Sears, a massage therapist, currently lives in Saranac Lake with her husband, who is a contractor, and their 2-year-old daughter, Tove. As newlyweds, the couple rented a cabin in Bloomingdale. They planned to purchase the cabin from their landlords, but the deal fell through at the last minute, leaving them adrift in the tight Tri-Lakes housing market.

“Fortunately, we did have some place to go,” Sears said. “We had a gutted apartment (in Saranac Lake), so we’ve been living in an under-construction apartment since our baby was three months old, trying to find better housing.”

The fledgling co-op project made its way to Sears via word-of-mouth. Once she put together that it was set to be built on her family’s former land, she decided to get involved.

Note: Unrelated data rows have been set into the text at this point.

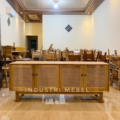 BUFFET KAYU JATI SOLID MIX ANYAMAN ROTAN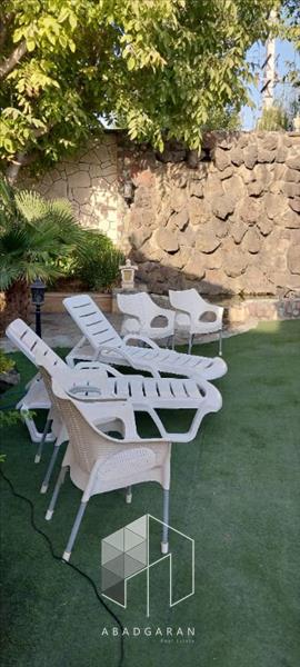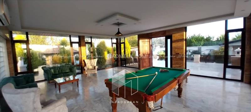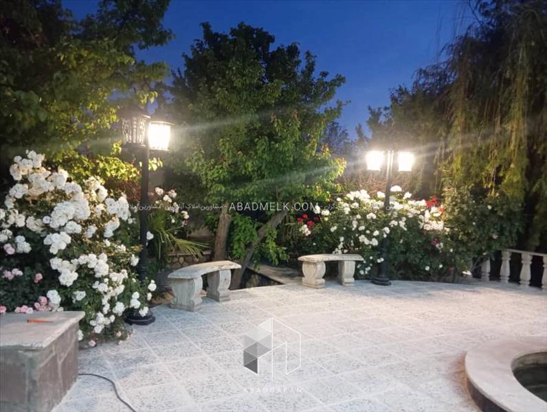 ۲۳۱۷ متر باغ. ۵۰۰ متر مجموع کل بناها. سرایداری با حیاط مجزا. سه عدد آبنما . برکه. دو عدد باربیکیو. استخر چهارفصل با تسویه. آلاچیق تابستانی و زمستانی. درختان زینتی و درختان میوه. محوطه سازی. سرویس بهداشتی محوطه فول. آتشکده. برق سه فاز ۵۰ آمپر. برق تک فاز ۳۲ آمپر. گاز. آب. ۳ خط تلفن. ۲ساعت سهمیه آب ریشه ای. سند شش دانگ تکبرگ عرصه و اعیان
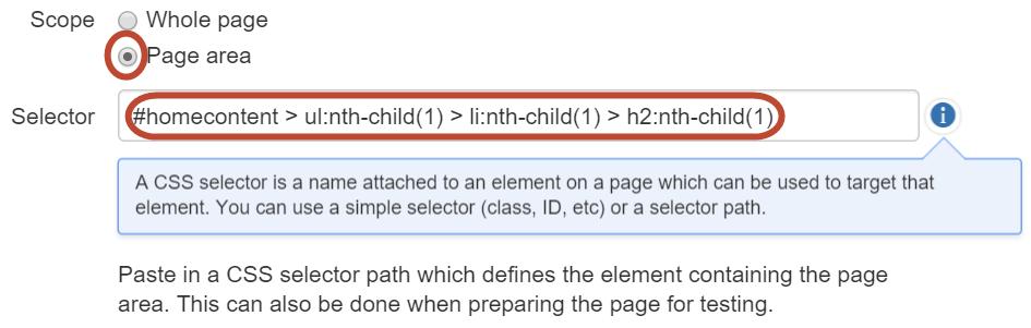 | Scope | Select the Whole page radio button option to target the entire page, or the Page area option to specify only a portion of a page. When the Page area option is selected, the Selector field appears below the Scope field, which allows you to enter the appropriate CSS Selector. This can be a simple selector such as a class or ID, or a selector path. If you are using CSS IDs, ensure you start the ID with a #. For a CSS class name, start with a period or full stop(.). Examples: #myidname or .myclassname. For more information, see CSS Selector Process. |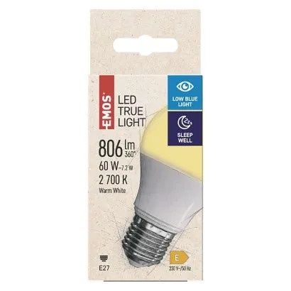 EMOS LED žárovka True Light A60 / E27 / 7,2 W (60 W) / 806 lm / teplá bílá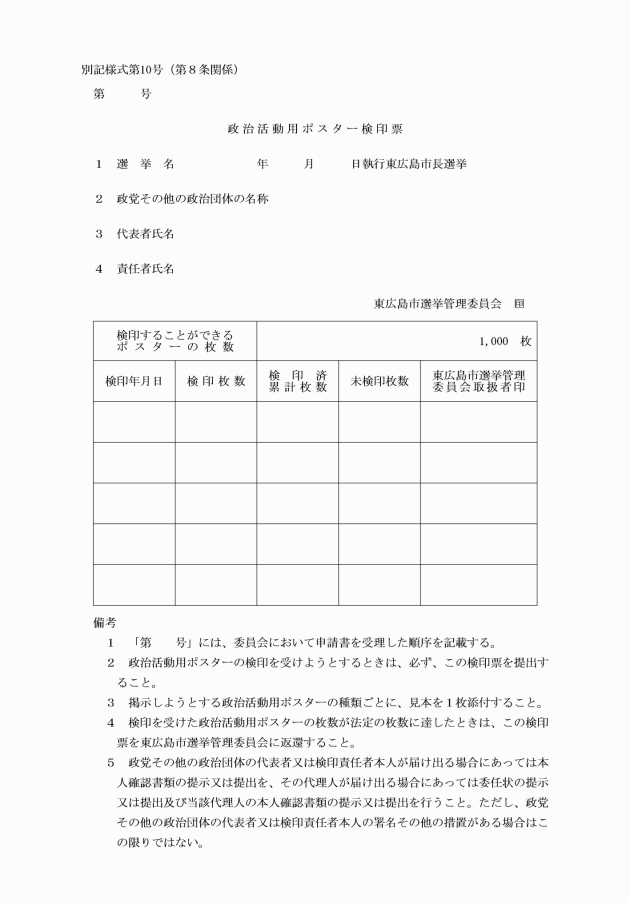 第11条 法第201条の9第1項第6号の規定による届出は、政治活動用ビラ届出書(別記様式第14号)に頒布しようとするビラを1枚(記載内容が異なるものがある場合は、それぞれ1枚)添えてしなければならない。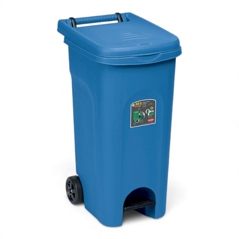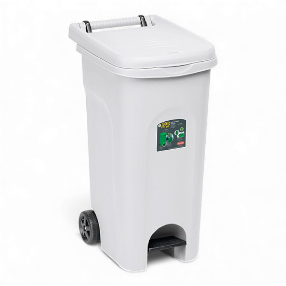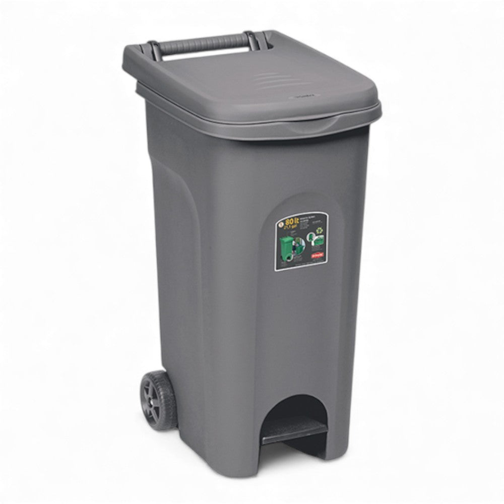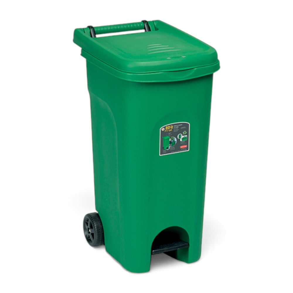 Bidone pattumiera carrellato in resina con anello fermasacco e pedale 80 lt. per racc...

Sears said that she hopes the co-op, if successful, can model to the North Country an alternative to buying, renting and selling property.

“The housing market is terrifying right now,” she said. “If we do a good job, this might be able to be used as something that can be replicated, as a way for other people who want to incorporate this into their estate planning or whatever, where they want to give back to different communities that they’re a part of. What a beautiful, incredible gift to give a community: securing its existence into the future.”